The Training Process of Many Deep Networks Explores the Same Low-Dimensional Manifold
Jialin Mao, Itay Griniasty, Han Kheng Teoh, Rahul Ramesh, Rubing Yang, Mark K. Transtrum, James P. Sethna, Pratik Chaudhari
TL;DR
This paper reveals that training trajectories of diverse deep networks evolve on an effectively low-dimensional manifold in the space of predictions. By framing networks as probabilistic predictors and employing information-geometric distances, the authors construct isometric InPCA embeddings that faithfully preserve global geometry, enabling visualization and comparison of thousands of models across architectures and training regimes. They show that, despite architectural and optimization diversity, trajectories cluster along similar manifolds, with top components capturing the majority of the variation; larger networks train faster but follow the same path as smaller ones, and different initializations quickly merge into the same manifold.
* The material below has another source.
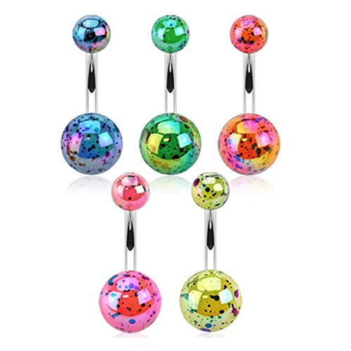 Lot 5 Piercings Nombril NALA Ventre Boule Perle Eclats de Peinture Fluo Bijoux Acier Chirurgical Inoxydable Anti Allergique Banane Barbell LOVEPIERCING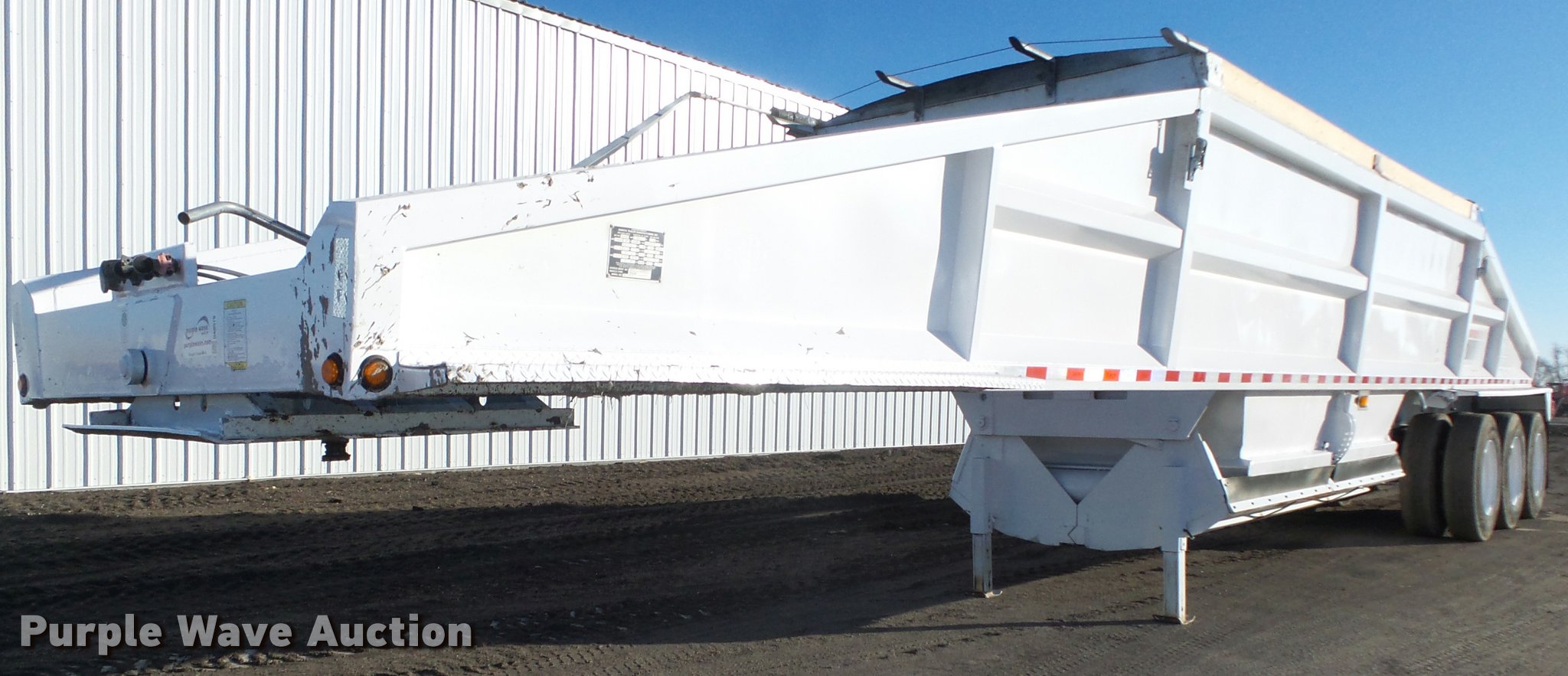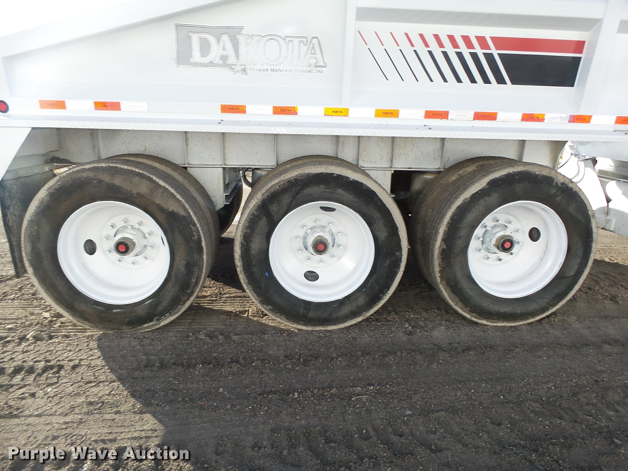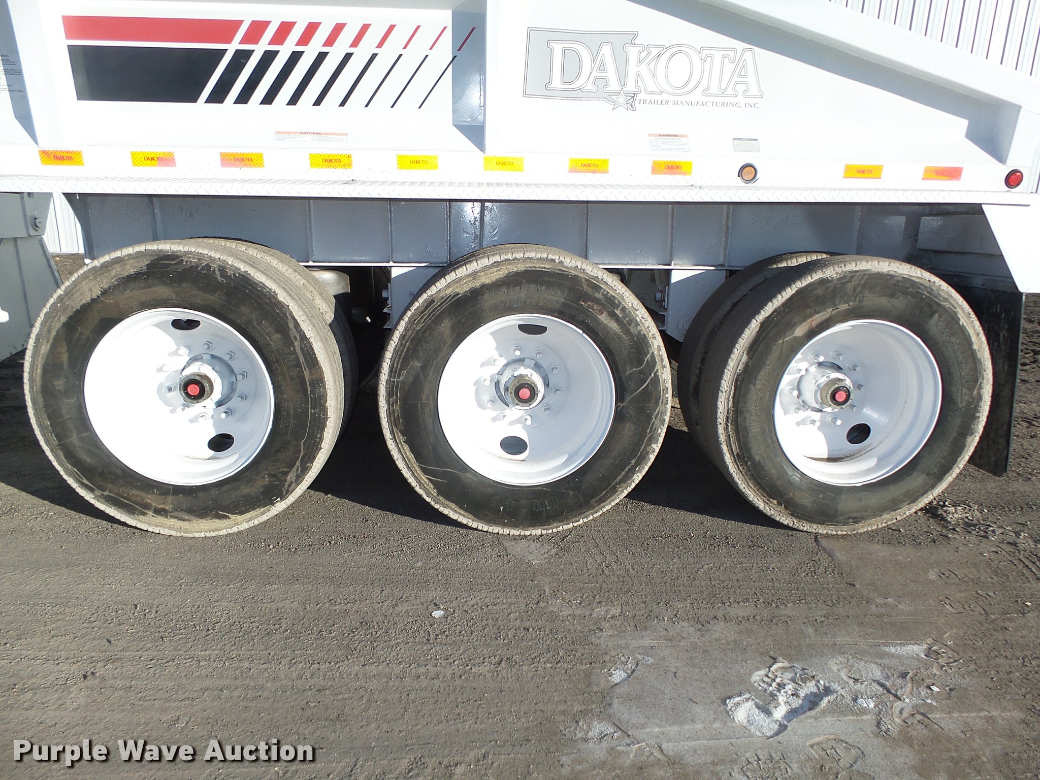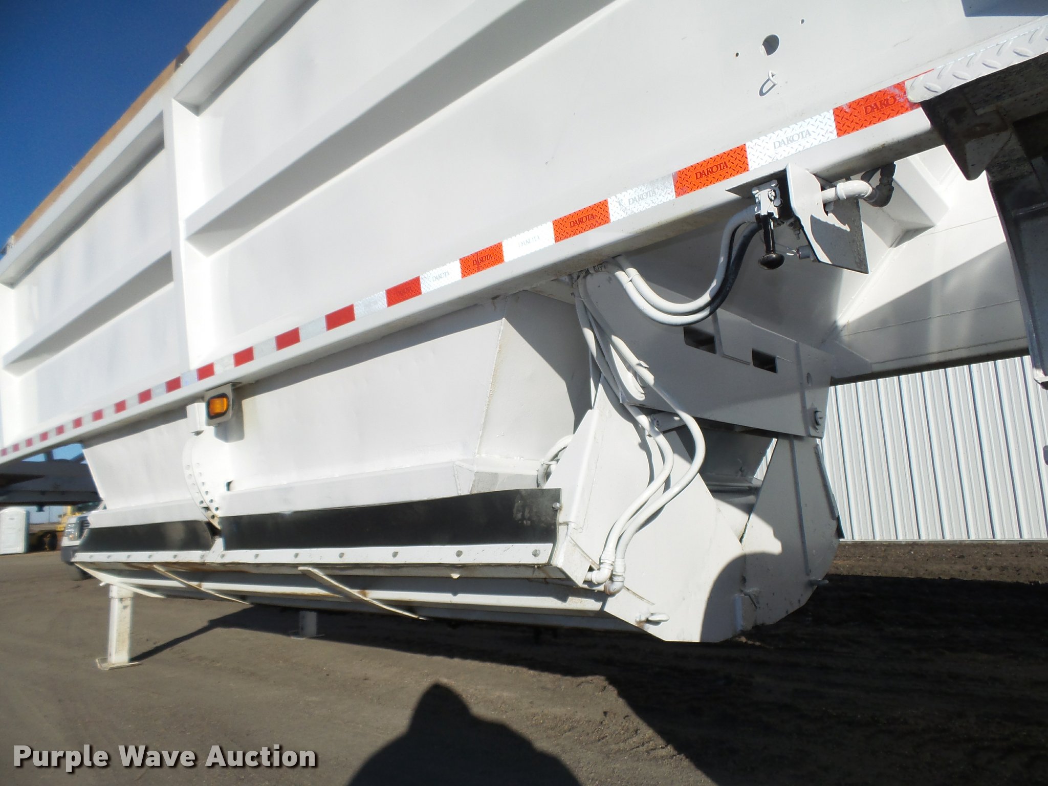 Purple Wave is selling a used Bottom Dump Trailer in Nebraska. This item is a 2013 Dakota 4300BDT bottom dump trailer with the following: 45'L x 96"W overall, 43'L body, Dual hydraulic cylinders, Air operated clamshell gate, Rear push block, Manual tarp, 2" x 6" side boards, Steel construction, Fifth wheel plate, Dual leg landing gear, Air brakes, Air suspension, Triple axle, Steel wheels, 11R24.5 tires, GVWR 66,000 lbs, GAWR 20,000 lbs, Serial 0412-0351, Unit# 250

These findings imply a reduced effective complexity in training dynamics and offer a geometric lens for understanding generalization and optimization in deep learning. The work also introduces practical tools for embedding and comparing high-dimensional probabilistic models, with potential implications for designing training protocols and ensembles.
Abstract
We develop information-geometric techniques to analyze the trajectories of the predictions of deep networks during training. By examining the underlying high-dimensional probabilistic models, we reveal that the training process explores an effectively low-dimensional manifold. Networks with a wide range of architectures, sizes, trained using different optimization methods, regularization techniques, data augmentation techniques, and weight initializations lie on the same manifold in the prediction space. We study the details of this manifold to find that networks with different architectures follow distinguishable trajectories but other factors have a minimal influence; larger networks train along a similar manifold as that of smaller networks, just faster; and networks initialized at very different parts of the prediction space converge to the solution along a similar manifold.